◆ The task ◆
The material below contains a line with "Setul de bratari" and a line with "Người dân xếp". Copy exactly those two lines and all lines between them.

◆ Data extract ◆
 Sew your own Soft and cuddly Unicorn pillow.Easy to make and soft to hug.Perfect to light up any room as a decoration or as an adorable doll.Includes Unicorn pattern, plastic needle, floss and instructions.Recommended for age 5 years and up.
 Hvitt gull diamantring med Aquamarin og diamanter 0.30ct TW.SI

==

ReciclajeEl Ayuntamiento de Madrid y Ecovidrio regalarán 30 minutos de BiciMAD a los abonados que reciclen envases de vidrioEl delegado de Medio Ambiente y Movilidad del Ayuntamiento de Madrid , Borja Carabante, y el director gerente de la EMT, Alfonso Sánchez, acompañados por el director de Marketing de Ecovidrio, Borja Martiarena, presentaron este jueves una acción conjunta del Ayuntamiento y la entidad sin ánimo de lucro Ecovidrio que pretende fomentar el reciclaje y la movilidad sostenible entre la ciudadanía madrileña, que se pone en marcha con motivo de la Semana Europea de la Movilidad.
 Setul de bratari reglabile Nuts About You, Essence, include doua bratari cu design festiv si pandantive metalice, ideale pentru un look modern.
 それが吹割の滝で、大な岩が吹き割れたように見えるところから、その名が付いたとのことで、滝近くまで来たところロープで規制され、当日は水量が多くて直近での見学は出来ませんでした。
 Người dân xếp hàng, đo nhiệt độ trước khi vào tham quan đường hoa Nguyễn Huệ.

---

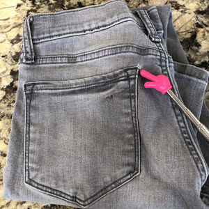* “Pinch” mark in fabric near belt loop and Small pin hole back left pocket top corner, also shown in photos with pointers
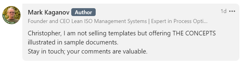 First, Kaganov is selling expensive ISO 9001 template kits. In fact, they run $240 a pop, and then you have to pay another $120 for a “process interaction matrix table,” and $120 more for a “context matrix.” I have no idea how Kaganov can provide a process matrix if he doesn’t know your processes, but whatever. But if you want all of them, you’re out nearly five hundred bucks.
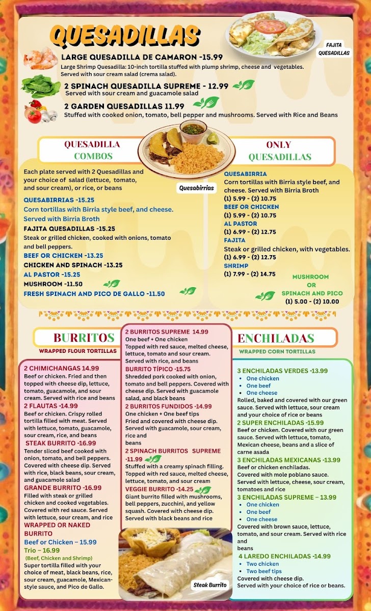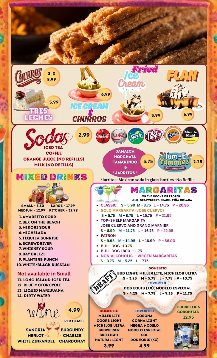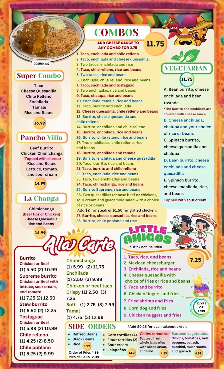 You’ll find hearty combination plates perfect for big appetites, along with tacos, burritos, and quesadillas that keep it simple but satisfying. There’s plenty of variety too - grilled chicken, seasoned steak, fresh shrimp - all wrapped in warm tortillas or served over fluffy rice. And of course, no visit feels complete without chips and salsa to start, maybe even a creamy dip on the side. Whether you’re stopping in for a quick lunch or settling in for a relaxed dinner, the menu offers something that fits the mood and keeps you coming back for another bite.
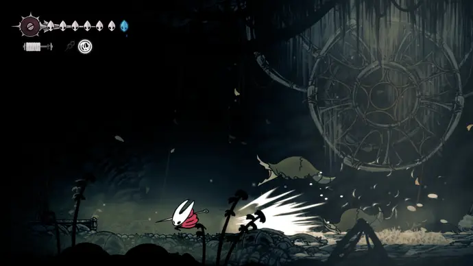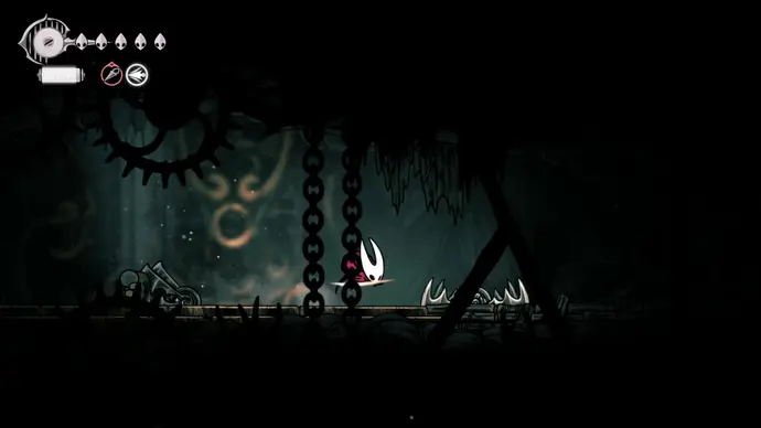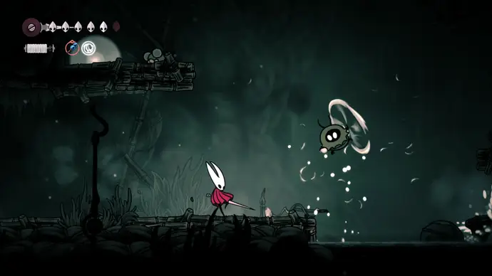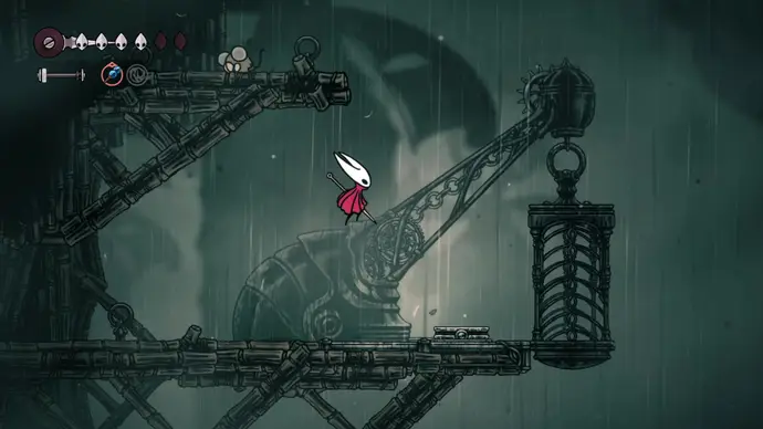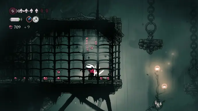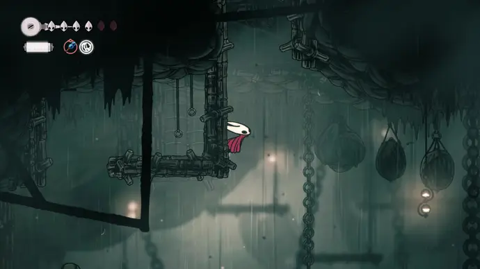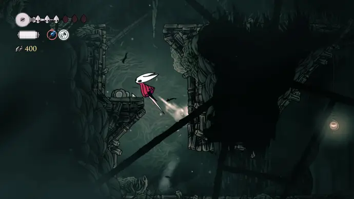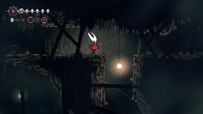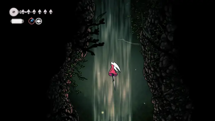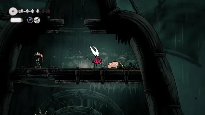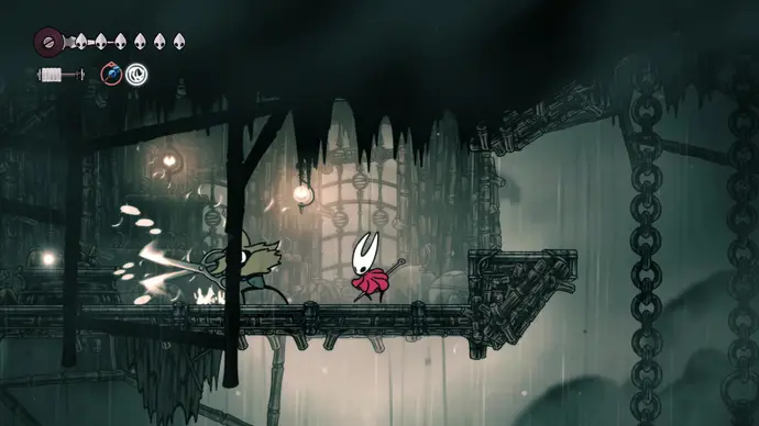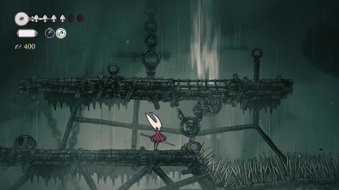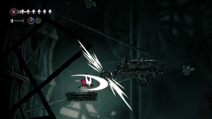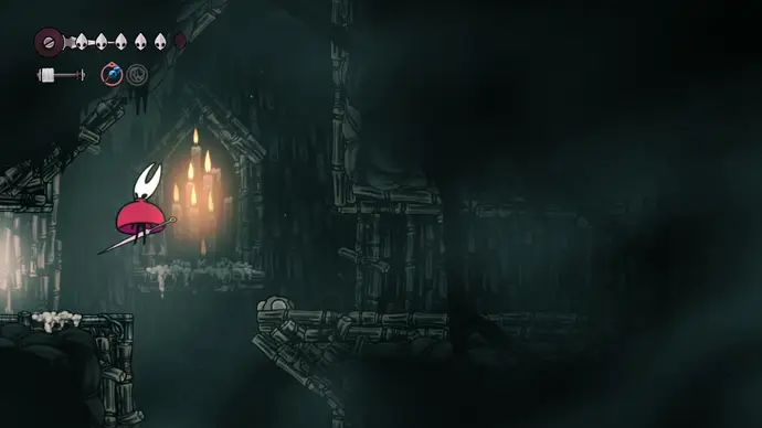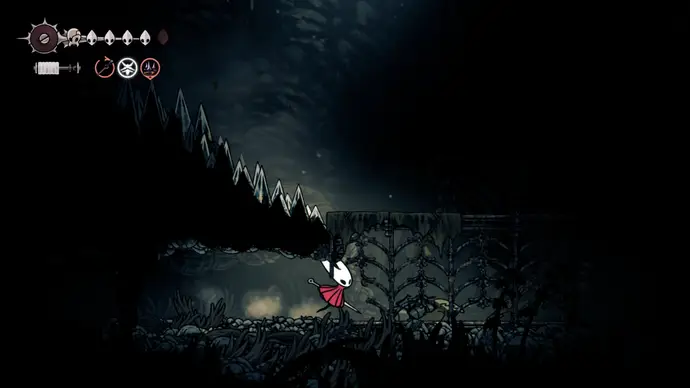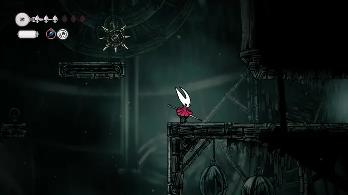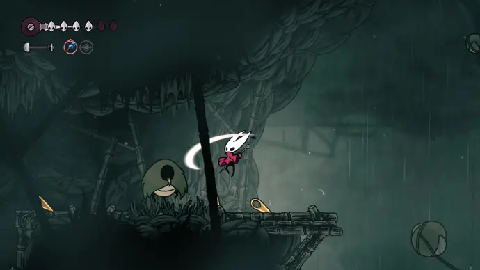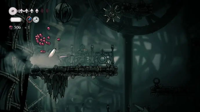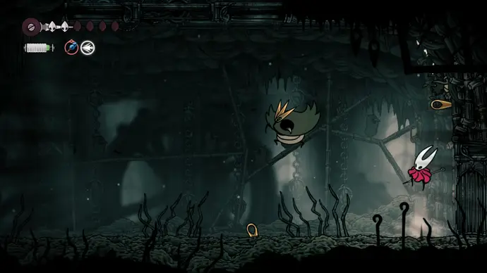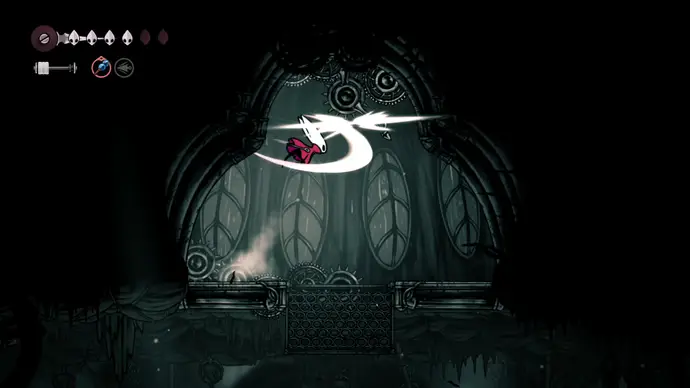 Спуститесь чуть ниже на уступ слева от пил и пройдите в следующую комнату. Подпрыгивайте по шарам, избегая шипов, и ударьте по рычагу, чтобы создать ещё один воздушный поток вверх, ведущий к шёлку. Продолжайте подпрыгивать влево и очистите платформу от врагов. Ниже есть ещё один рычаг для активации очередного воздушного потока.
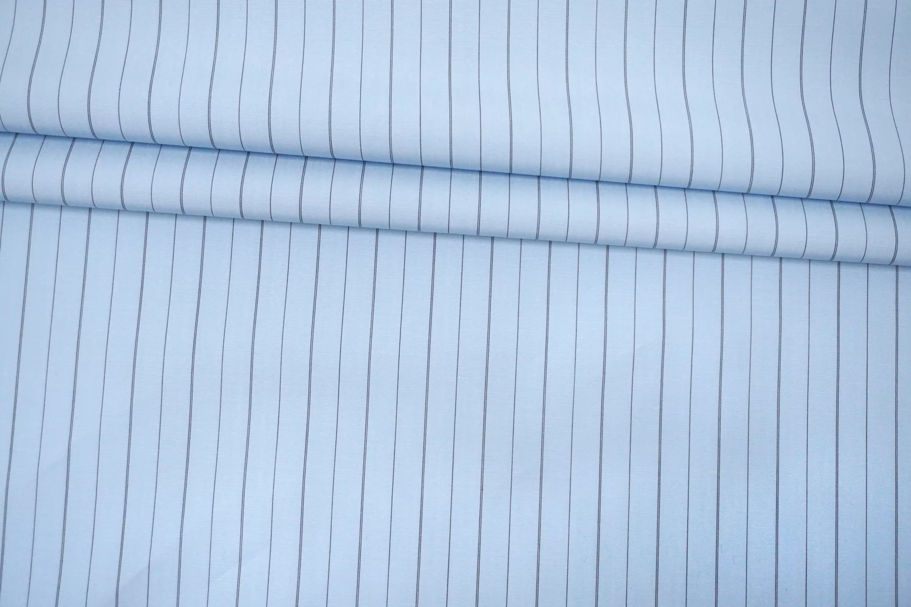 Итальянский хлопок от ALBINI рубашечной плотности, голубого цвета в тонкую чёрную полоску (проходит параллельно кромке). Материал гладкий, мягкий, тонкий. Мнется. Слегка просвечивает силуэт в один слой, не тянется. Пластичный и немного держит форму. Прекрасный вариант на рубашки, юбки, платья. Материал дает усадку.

◆ Task response ◆
 Setul de bratari reglabile Nuts About You, Essence, include doua bratari cu design festiv si pandantive metalice, ideale pentru un look modern.
 それが吹割の滝で、大な岩が吹き割れたように見えるところから、その名が付いたとのことで、滝近くまで来たところロープで規制され、当日は水量が多くて直近での見学は出来ませんでした。
 Người dân xếp hàng, đo nhiệt độ trước khi vào tham quan đường hoa Nguyễn Huệ.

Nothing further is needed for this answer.